> Work item: Would you transcribe exactly the lines from the beginning of the records below through the line with "- This sage", both included, omitting the pictures?

Content starts

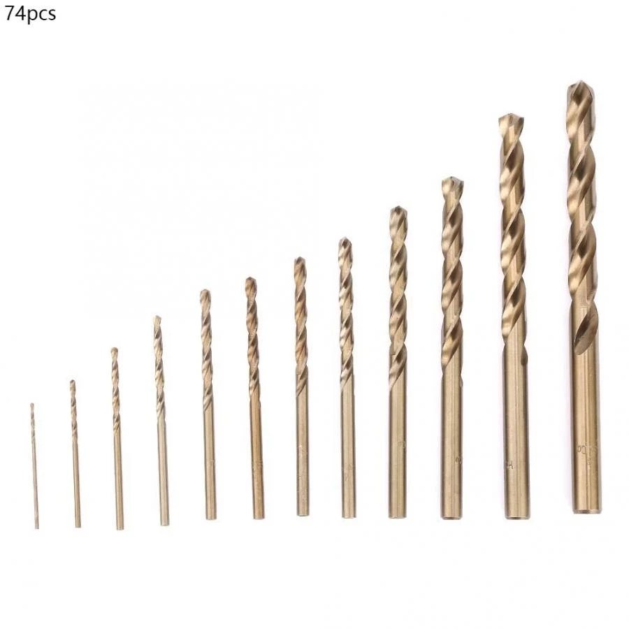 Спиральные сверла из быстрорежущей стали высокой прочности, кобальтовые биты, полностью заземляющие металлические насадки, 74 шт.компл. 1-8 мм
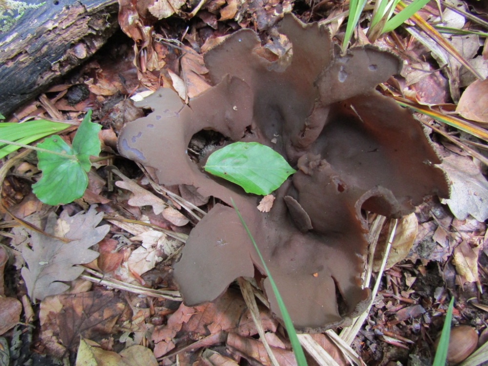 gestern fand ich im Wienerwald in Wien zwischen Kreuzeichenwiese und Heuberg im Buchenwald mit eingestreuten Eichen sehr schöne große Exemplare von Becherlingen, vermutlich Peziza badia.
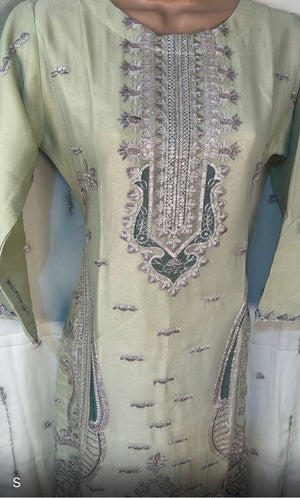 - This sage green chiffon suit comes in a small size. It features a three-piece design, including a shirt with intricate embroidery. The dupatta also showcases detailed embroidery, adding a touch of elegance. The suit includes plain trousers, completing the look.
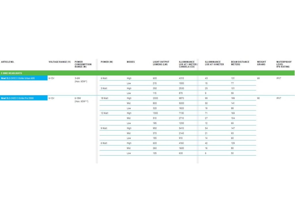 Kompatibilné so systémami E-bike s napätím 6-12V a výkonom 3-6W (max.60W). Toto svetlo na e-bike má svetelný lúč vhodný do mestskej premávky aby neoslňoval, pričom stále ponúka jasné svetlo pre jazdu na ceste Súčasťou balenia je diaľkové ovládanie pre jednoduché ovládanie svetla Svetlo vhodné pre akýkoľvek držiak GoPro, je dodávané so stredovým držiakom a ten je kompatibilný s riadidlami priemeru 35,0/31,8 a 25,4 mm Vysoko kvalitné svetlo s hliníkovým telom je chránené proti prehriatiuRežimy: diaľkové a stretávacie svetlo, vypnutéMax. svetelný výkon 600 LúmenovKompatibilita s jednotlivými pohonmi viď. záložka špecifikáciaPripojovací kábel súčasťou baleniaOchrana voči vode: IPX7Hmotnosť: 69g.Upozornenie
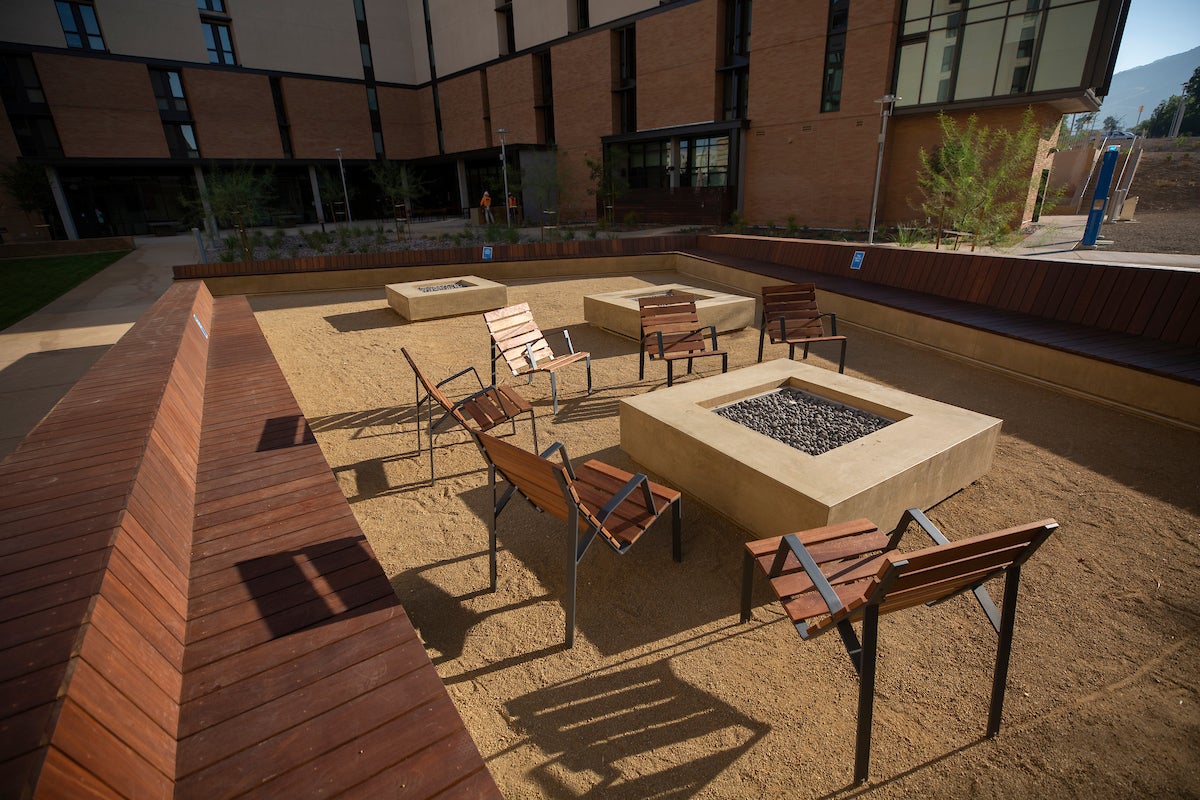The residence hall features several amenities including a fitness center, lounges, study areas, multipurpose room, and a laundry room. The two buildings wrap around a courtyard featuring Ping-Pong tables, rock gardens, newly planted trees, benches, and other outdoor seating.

Content ends

> Exercise solution:
 Спиральные сверла из быстрорежущей стали высокой прочности, кобальтовые биты, полностью заземляющие металлические насадки, 74 шт.компл. 1-8 мм
 gestern fand ich im Wienerwald in Wien zwischen Kreuzeichenwiese und Heuberg im Buchenwald mit eingestreuten Eichen sehr schöne große Exemplare von Becherlingen, vermutlich Peziza badia.
 - This sage green chiffon suit comes in a small size. It features a three-piece design, including a shirt with intricate embroidery. The dupatta also showcases detailed embroidery, adding a touch of elegance. The suit includes plain trousers, completing the look.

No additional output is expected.